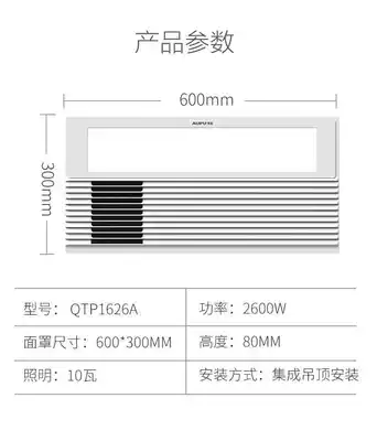 Apu heater bath integrated ceiling exhaust fan lighting integrated heater dressing room heating QTP1626A
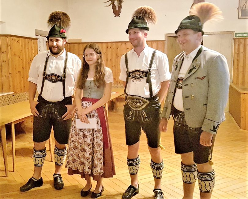 Foto: Johanna Fischbacher – Vorplattler Sebastian Schuster (links) freute sich Theresa Stephan persönlich von Jugendleiter Hans Kaiser in der Aktivengruppe aufnehmen zu können. Der neue Erste Vorstand Anton Strahlhuber (rechts) und Jugendleiter Hans Kaiser freuen sich mit.
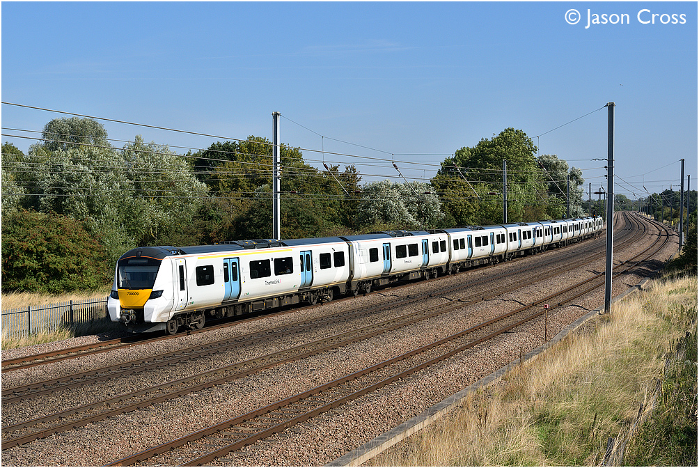 Heading north at Great Paxton, 700009 works the 1P18 0916 London Kings Cross to Peterborough. Date: 1 September 2018 Manipulation Notes: None Camera mounted on a tall pole and remotely fired
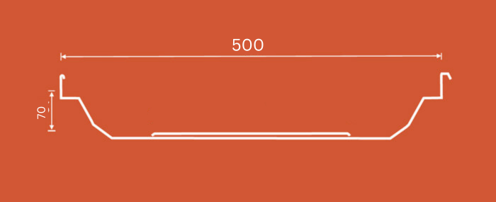 Sigma Roofing System is 360° standing seam roofing solution. The profile is supplied with advanced leak proof features for long serviceability. The effective width of sheet is 500 mm and standing seam height of 70 mm and panel contains cross flute stiffner for strong and sturdy performance. The profile is mechanically sealed with specialized machine which guarantees leak proof roofing with long service life.
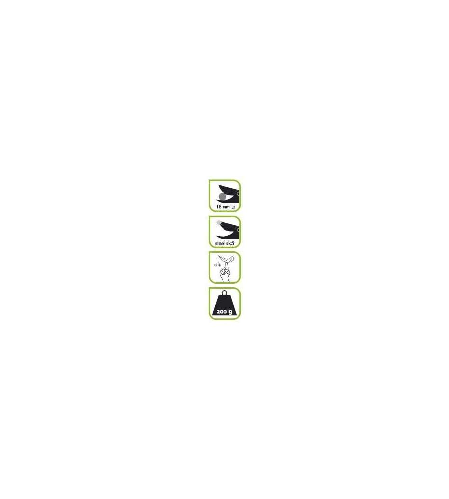 Forbice da giardino by-pass 20 cm con manici in alluminio gommato e lame in acciaio al carbonio SK5. Peso: 200 g. Colore: verde.Materiale manico:
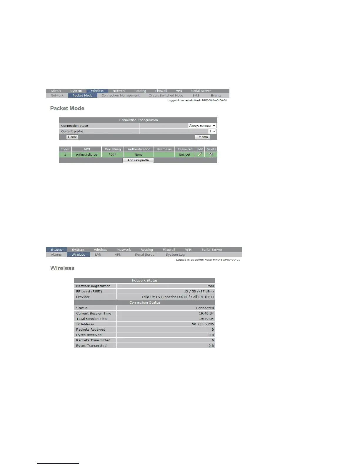 select ”Wireless” from the second level menu. The Wireless status page will be displayed
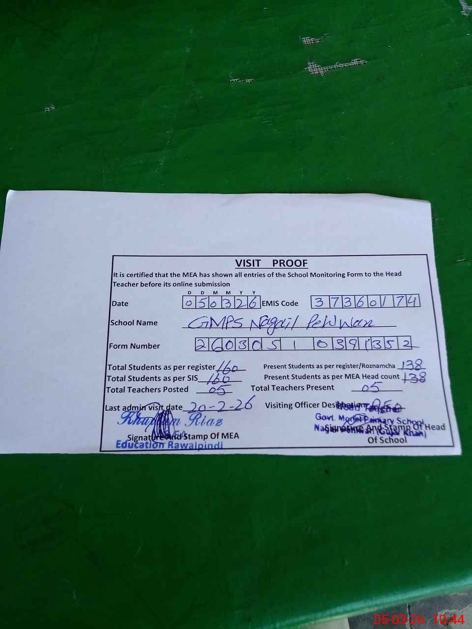 | EMIS Code: 37360174 | Name of School: GMPS NAGIAL PHALWAN | |||
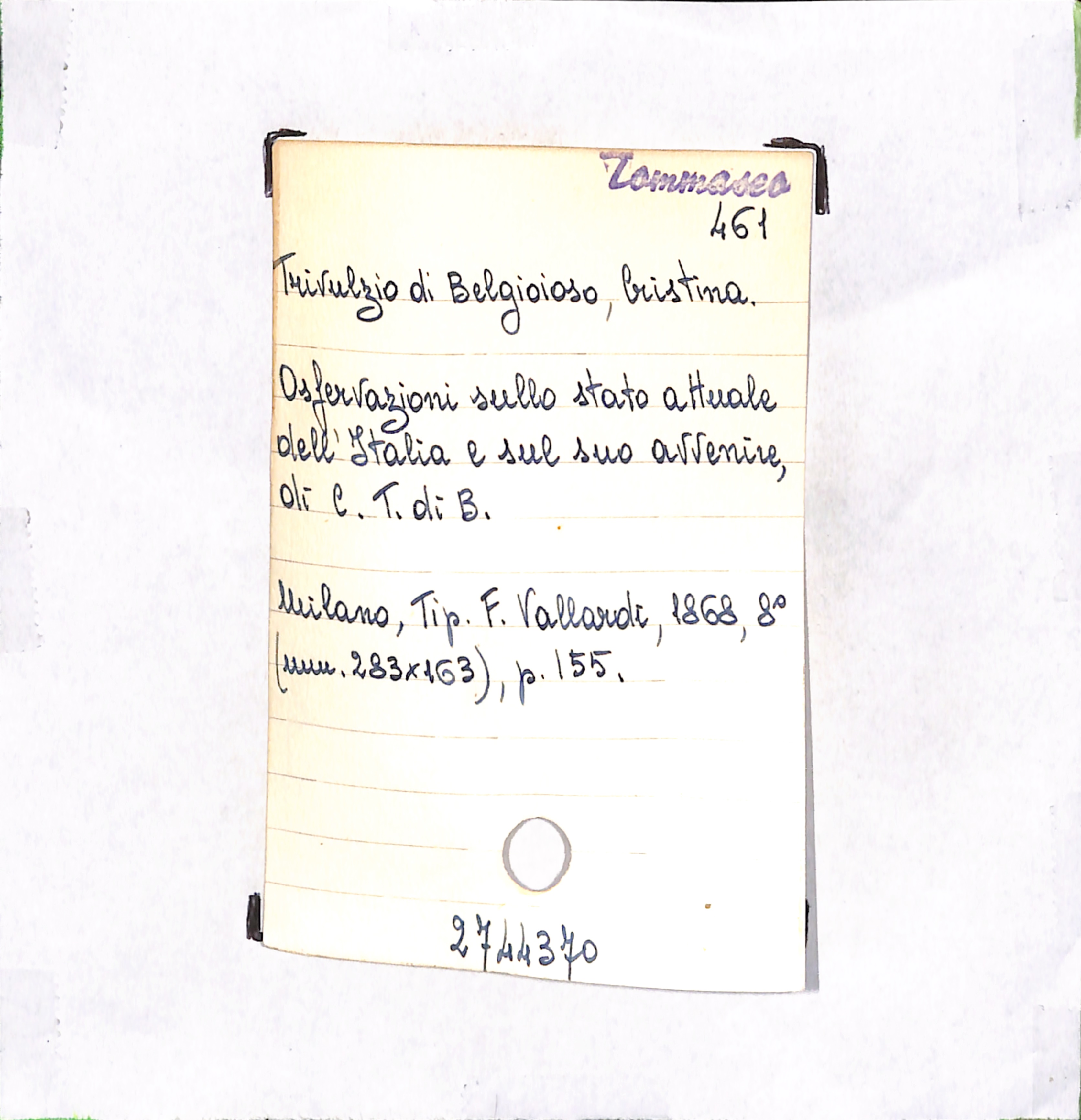 U.D. monografia Osservazioni sullo stato attuale dell'Italia e sul suo avvenire, di C. T. di B.
******
■ **What you have to do**:
Write out, word for word, the lines running from the one containing "Heading north at" to the end of the data above; the pictures are to be left out.

■ **Result of this exercise**:
 Heading north at Great Paxton, 700009 works the 1P18 0916 London Kings Cross to Peterborough. Date: 1 September 2018 Manipulation Notes: None Camera mounted on a tall pole and remotely fired
 Sigma Roofing System is 360° standing seam roofing solution. The profile is supplied with advanced leak proof features for long serviceability. The effective width of sheet is 500 mm and standing seam height of 70 mm and panel contains cross flute stiffner for strong and sturdy performance. The profile is mechanically sealed with specialized machine which guarantees leak proof roofing with long service life.
 Forbice da giardino by-pass 20 cm con manici in alluminio gommato e lame in acciaio al carbonio SK5. Peso: 200 g. Colore: verde.Materiale manico:
 select ”Wireless” from the second level menu. The Wireless status page will be displayed
 | EMIS Code: 37360174 | Name of School: GMPS NAGIAL PHALWAN | |||
 U.D. monografia Osservazioni sullo stato attuale dell'Italia e sul suo avvenire, di C. T. di B.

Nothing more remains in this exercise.